Wie viele andere warte auch ich gespannt auf No Man's Sky. Da ich vermutlich eher in Richtung entspanntes Erkunden oder Handeln gehen werde, freue ich mich schon darauf zur coolen Mucke aus dem Bordradio durch die Galaxie zu düsen. Was mich vorhin auf einen Gedanken gebracht hat: Was wäre, wenn wir unsere eigene Musik in No Man's Sky hören könnten? Also die .mp3 Dateien, die man auf dem PC liegen hat. Auf den Trichter bin ich durch Guild Wars 2 gekommen, da gab es ein unglaublich tolles System, das genau dies ermöglicht hat. Du konntest beliebig viele Musikdateien in einen bestimmten Ordner packen und diese dann in Kategorien einteilen, wie z.B. Ambient, Underwater oder Boss Fight. Vor allem letztere Kategorie war einfach nur genial, mit einem Ordner voller Two Steps From Hell Mucke, die beim Bosskampf automatisch eingespielt wurde als wäre es der reguläre Soundtrack zum Spiel, in die Schlacht zu ziehen sorgte für ordentlich episches Gemetzel. 

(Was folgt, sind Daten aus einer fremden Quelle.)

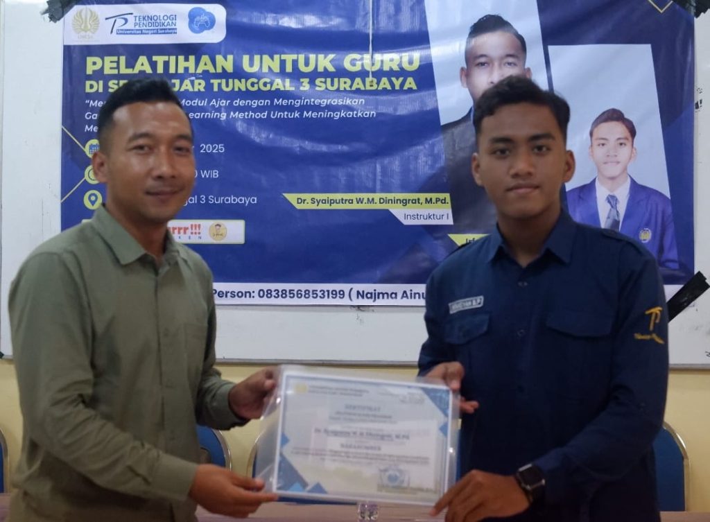 fip.unesa.ac.id, SURABAYA- Mahasiswa Program Studi Teknologi Pendidikan, Fakultas Ilmu Pendidikan (FIP) Universitas Negeri Surabaya (UNESA) menyelenggarakan Pelatihan Pengembangan Modul Ajar Berbasis Game-Based Learning method bagi para guru di SDN Jajar Tunggal 3 Surabaya pada 15–16 Desember 2025. Kegiatan ini merupakan bagian dari upaya mahasiswa untuk berkontribusi secara nyata dalam peningkatan kualitas pembelajaran di sekolah dasar melalui penerapan inovasi pendidikan berbasis teknologi dan pedagogi. Selain menjadi luaran mata kuliah pengelolaan pelatihan, kegiatan yang berupa pelatihan tersebut bertujuan untuk membekali guru dengan pemahaman dan keterampilan dalam merancang modul ajar yang interaktif, kreatif, serta berorientasi pada penguatan kemampuan metakognitif siswa. Adapun mahasiswa yang berpartisipasi dalam pelatihan tersebut yakni: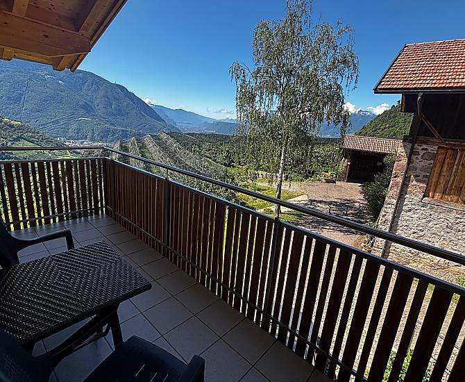 Experience South Tyrolean hospitality with us in the midst of fruit and wine growing; in a quiet location with a view of the city of Bolzano and Überetsch.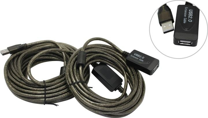 Кабель удлинитель активный(с усилителем) USB2.0-repeater, Am/af 15м Aopen(ACU823-15M)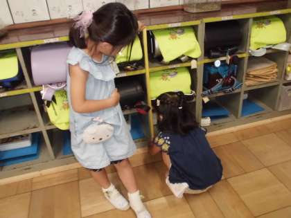 「はしっこをちゃんと合わせてー。」「まっすぐしてー。」と声を掛け合いながら、上手にくらべっこしていました。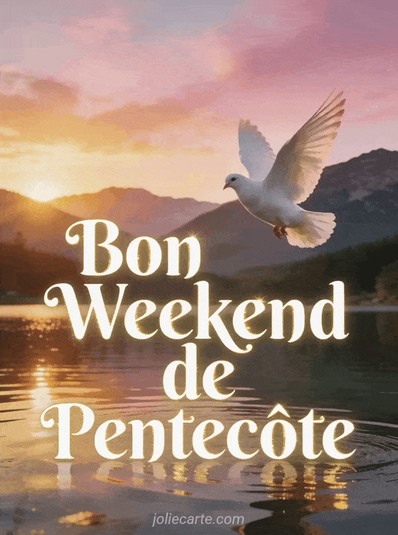Envoyez cette image « Bon Weekend de Pentecôte » avec sa colombe survolant un lac paisible. Découvrez aussi un week-end printanier, un lundi ensoleillé ou un dimanche religieux.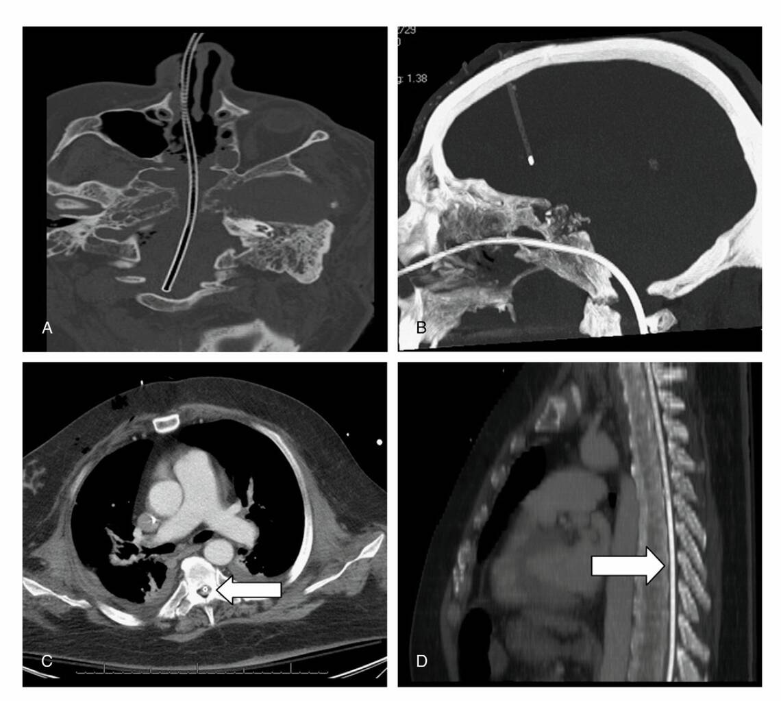 Freij RM, Mullett STH (1997). Inadvertent intracranial insertion of a nasogastric tube in a non-trauma patient. J Accid Emerg Med. 45–47.

Jetzt will ich dasselbe auch für NMS. Meine Musik im Cockpit, automatischer Wechsel der Playlist bei Kampfbeginn oder der Landung auf einem neuen Planeten...das wär was.

Ich habe bisher nichts dazu gefunden und denke auch nicht, dass es sowas vom Entwickler je bereit gestellt geben wird, dafür wurde zuviel Aufwand in den Soundtrack des Spiels gesteckt, aber vielleicht gibt es ja einen Modder da draußen, der denselben Wunsch hat.


----------



## Herbboy (4. August 2016)

Naja, so was ist halt oft schwer umsetzbar, weil es ggf. zu tief in den Programmcode eingreift. Zudem sind es sicher nur vergleichsweise wenig Leute, die so was machen wollen, vor allem "sogar" situationsbedingt passende Musik-Ordner oder so was. Die meisten, die nicht die normale Ingame-Musik wollen, lassen halt einfach nen Mediaplayer mit ihrer Musik im Hintergrund mitlaufen


----------



## Rhak (4. August 2016)

Ja hab ich auch ne Zeit lang gemacht, und dann kommt in Skyrim der Drache vom Himmel gestürzt und die Shuffle-Funktion hält "I See Fire" für die passende Begleitung...Escape, Alt-Tab, passendes Lied suchen, wieder ins Spiel...macht keinen Spaß.

Das war bei Guild Wars 2 für den Nutzer auch gar kein großer Aufwand, einfach Ordner erstellt, Datei reinkopiert, fertig. 

Hach, es wär so schön...


----------